Isaacson's dissertation was on water waves on sloping beaches; in it, he derived an explicit formula for the solution of the case in which the angle of the slope is a rational multiple of pi. It turned out that Hans Lewy had also derived an explicit, but different, formula for the solution. Because the solution is unique, the two formulas must be equal for all rational numbers. Lewy showed that the equality of the two formulas implies the law of quadratic reciprocity.

Isaacson's subsequent research concerned the numerical solution of differential equations. Analysis of Numerical Methods, the book he wrote in collaboration with Herb Keller, was one of the leading texts of its time. Many of Isaacson's 15 PhD students became prominent in research on numerical methods.

In the mid-1950s the Atomic Energy Commission placed the supercomputer UNIVAC at the Courant Institute, to be used for research. One problem of the AEC on which Isaacson worked concerned the Grand Cooley Dam: If the dam were breached by sabotage, would the resulting flood wave on the Columbia River inundate the Hanford reactor? The AEC had originally asked the Army Corps of Engineers to consider the problem; the Corps was not up to the task, however, and so the Courant Institute was asked to do the calculation using the UNIVAC. Jim Stoker, an expert on water waves, did the mathematical formulation, and the numerical solution of the shallow water equation was accomplished under the leadership of Gene Isaacson. The answer to the AEC's question was that the Hanford reactor was safe. The Corps of Engineers subsequently adopted the numerical method developed by Isaacson.
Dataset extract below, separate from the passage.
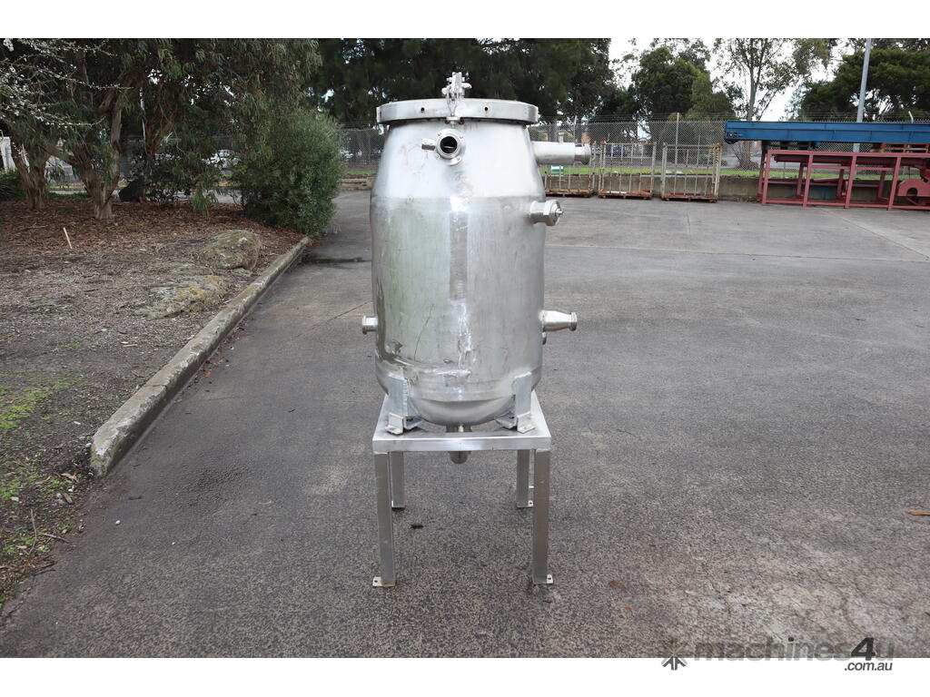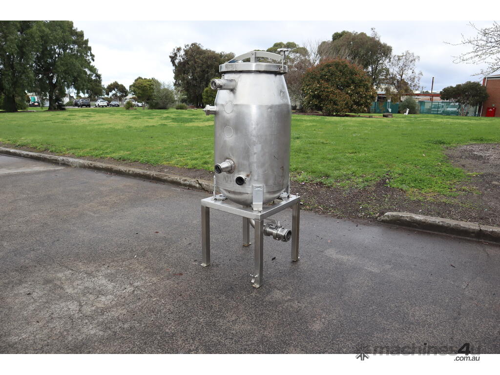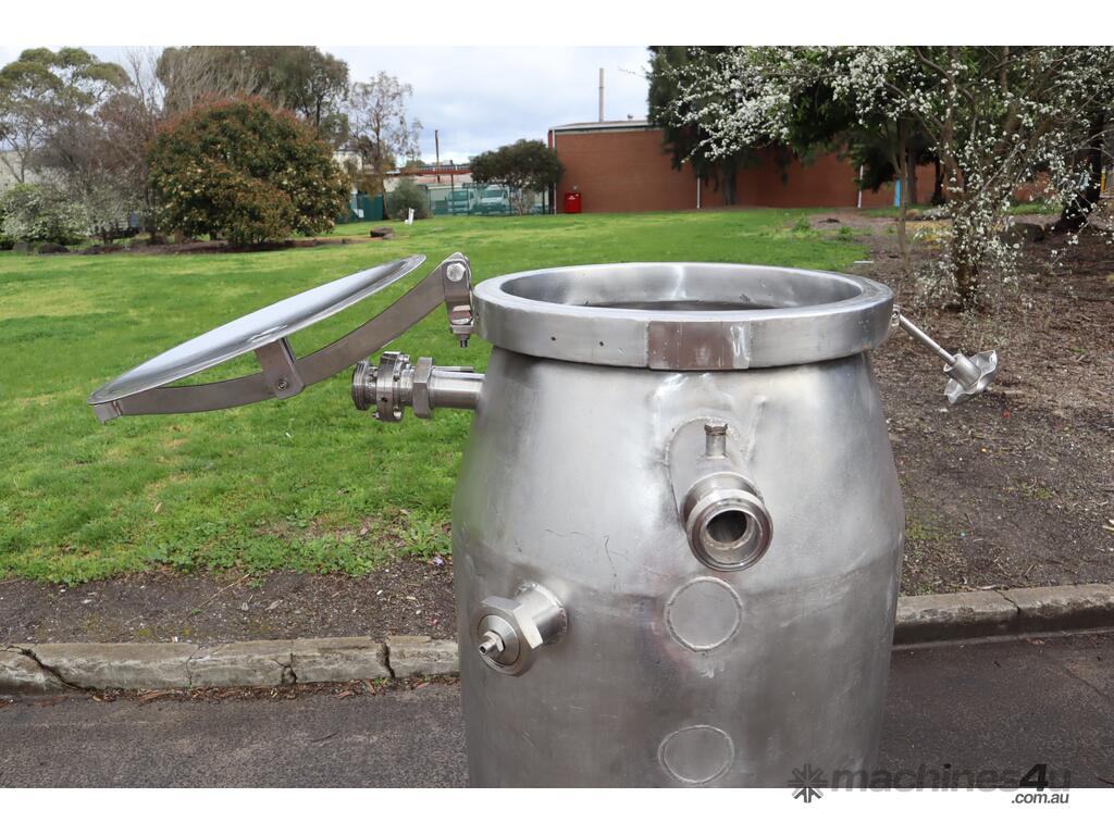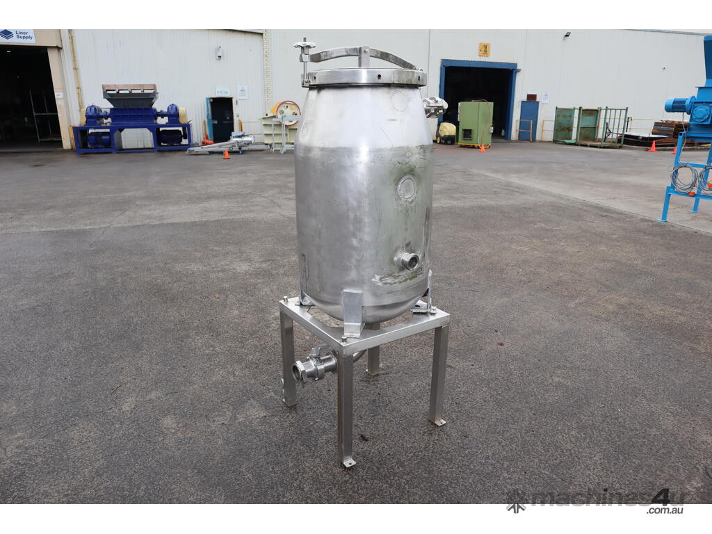 - Description: Stainless Steel Multi-Access Processing and Storage Vessel with Locking Lid and Valves
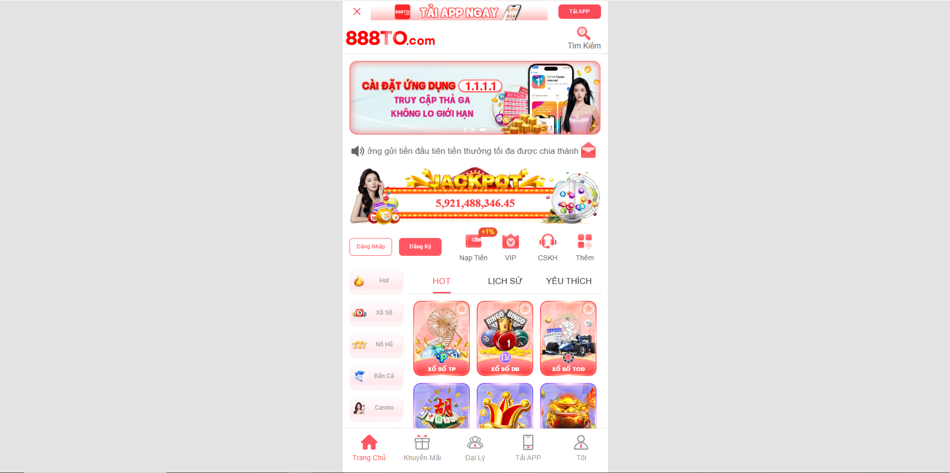Chương trình khuyến mãi hàng ngày, hàng tuần và hàng tháng. Giá trị lên tới 88.000.000, nạp đầu tặng 100%, hoàn trả tới 3%.

Isaacson was editor of the journal Mathematical Tables and Aids to Computation, which later morphed into Mathematics of Computation.

Even after his retirement, until a couple of years ago Gene faithfully attended the seminar on numerical methods and the applied mathematics seminar at Courant.

An interview with Gene Isaacson is part of SIAM's oral history project, and can be found at http://history.siam.org/oralhistories/isaacson.htm. A movie, "The Mathematician and the River" is available from the Educational Testing Service.---Peter Lax, Courant Institute of Mathematical Sciences, New York University.